Exercise 4: Logistic Regression on a Real Dataset#

Reproduce the pipeline from the book using the Pima Indians Diabetes Dataset, available at https://www.kaggle.com/datasets/uciml/pima-indians-diabetes-database.

This dataset contains medical measurements and a binary label indicating diabetes diagnosis.

  1. Preprocess the data as done in class:

    • Download diabetes.csv.

    • Extract features \(X\) and labels \(y\).

    • Standardize the features (mean 0, variance 1).
      Explain why normalization is required, connecting to:

      • conditioning,

      • stable optimization,

      • meaningful gradient magnitudes.

    • Add a bias column of 1s.

  2. Implement logistic regression from scratch (sigmoid + BCE + gradient), and optimize using SGD with:

    • a batch size of 32, a learning rate of \(10^{-3}\), and 200 epochs.

    • for each epoch, track full-dataset BCE loss and full-dataset accuracy.

    • in a plot, visualize the behavior of Loss vs epoch and Accuracy vs epoch. Comment the results.

  3. Train the same model using Adam (using the formulas from class):

    \[ \Theta_{k+1} = \Theta_k - \eta \frac{\hat m_k}{\sqrt{\hat v_k} + \epsilon}. \]

    with a learning rate of \(10^{-3}\), a batch size of 32, and 200 epochs. Then, plot SGD vs Adam loss and accuracy curves.

  4. For each method, evaluate:

    • Final accuracy,

    • Confusion matrix,

    • Precision, Recall, F1.

  5. Discuss on which method converge faster, which oscillate more, and how this relates to adaptive learning rates discussed in class.

Optional Extension: From Logistic Regression to a Simple Neural Network#

This optional section mirrors the final part of the supervised learning chapter.

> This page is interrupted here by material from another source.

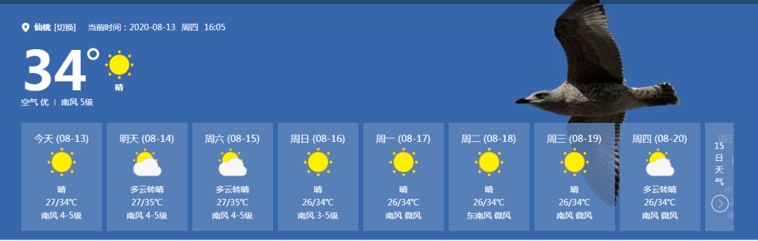 具体预报如下: 今天白天:晴天到多云。偏南风3到4级,最高气温:34℃,最低气温:27℃,空气相对湿度:50-90%; 今天晚上到明天白天:多云到晴天。偏南风3到4级,最高气温:35℃,最低气温:28℃,空气相对湿度:50-85%; 明天晚上到后天白天:晴天到多云。偏南风3到4级,最高气温:35℃,最低气温:28℃,空气相对湿度:45-90%;

Implement a neural network with:

  • One hidden layer,

  • ReLU activation,

  • Sigmoid output layer.

You may reuse the implementation shown in the main text. Then:

  1. Train the neural network on the same Kaggle dataset.

  2. Track:

    • BCE loss vs epoch,

    • Accuracy vs epoch.

  3. Compare and discuss the performance against logistic regression.

Note

This extension is not mandatory for passing the exam but can improve your understanding of model capacity.